**Task statement**
What you give back should be exactly the lines from the one with "Брюки в этом" through the end of the data, without the pictures.
-- Opening Marker --
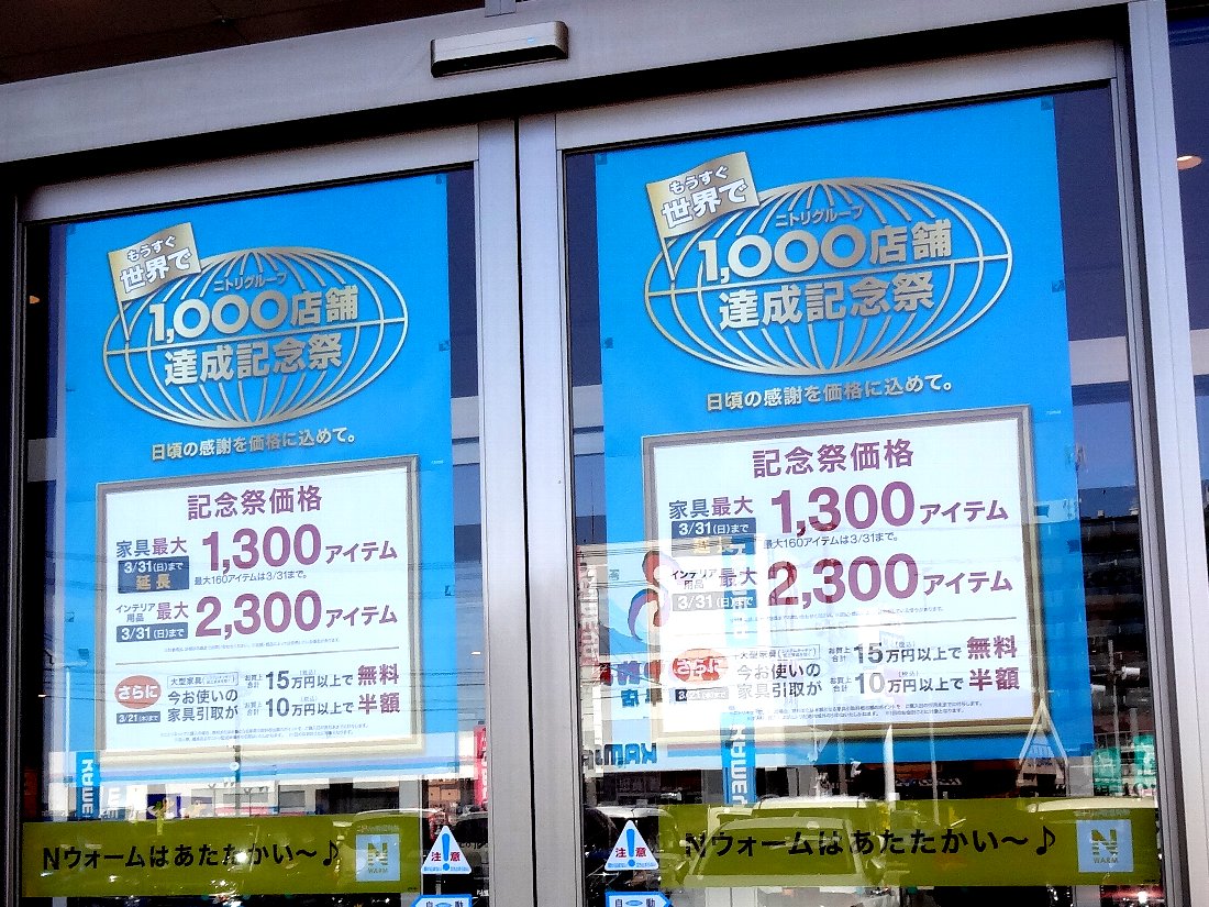 「ニトリ」は「世界で1000店舗達成」するそうです・・・10数年前に長崎店がオープンした時にはまだ全国で150店舗くらいだったのにね(^^;
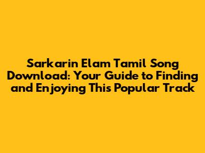 By following these tips and guidelines, you'll be able to find, download, and enjoy the Sarkarin Elam Tamil song safely and responsibly. Happy listening!
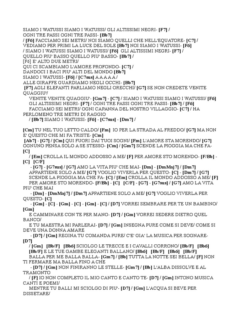 / SIAMO I WATUSSI SIAMO I WATUSSI/ [F6] GLI ALTISSIMI NEGRI- [F7] /
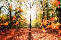 Prachtige opname van het Grebbebos op de Grebbeberg bij Wageningen en Rhenen met vallende oranje bladeren tijdens zonsopkomst in de herfst
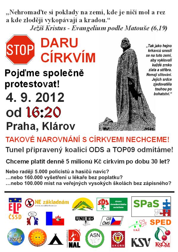 Všechny zveme na protestní shromáždění proti přijetí zákona o vyrovnání s církvemi, k němuž se Poslanecká sněmovna vrátí s největší pravděpodobností 4. září. My půjdeme na Klárov od 16:20. A co vy?
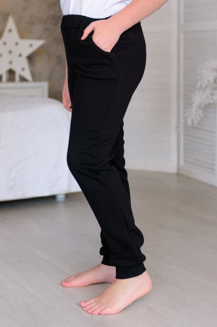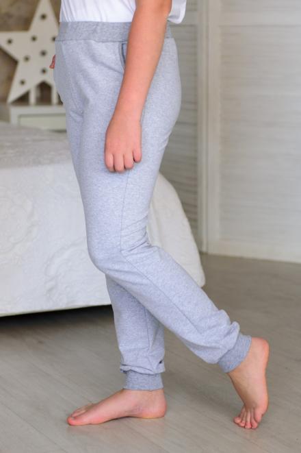 Брюки в этом разделе сшиты по одной модели – широкая резинка на поясе, штанины прямого кроя с манжетами по низу, два небольших кармана спереди. Джоггеры – актуальный фасон в подростковой среде, так как они удобные и стильные, в том числе в городской среде. Некоторые трикотажные модели декорированы принтами, другие остались однотонными.
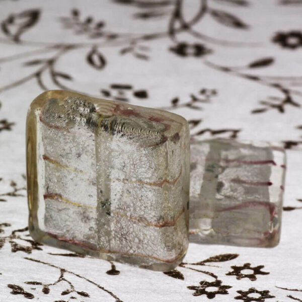 Koraliki kafelki ze szkła weneckiego. Srebrny środek jest opleciony spiralką ze szkła w kontrastującym kolorze.
-- Closing Marker --
**Answer section**
 Брюки в этом разделе сшиты по одной модели – широкая резинка на поясе, штанины прямого кроя с манжетами по низу, два небольших кармана спереди. Джоггеры – актуальный фасон в подростковой среде, так как они удобные и стильные, в том числе в городской среде. Некоторые трикотажные модели декорированы принтами, другие остались однотонными.
 Koraliki kafelki ze szkła weneckiego. Srebrny środek jest opleciony spiralką ze szkła w kontrastującym kolorze.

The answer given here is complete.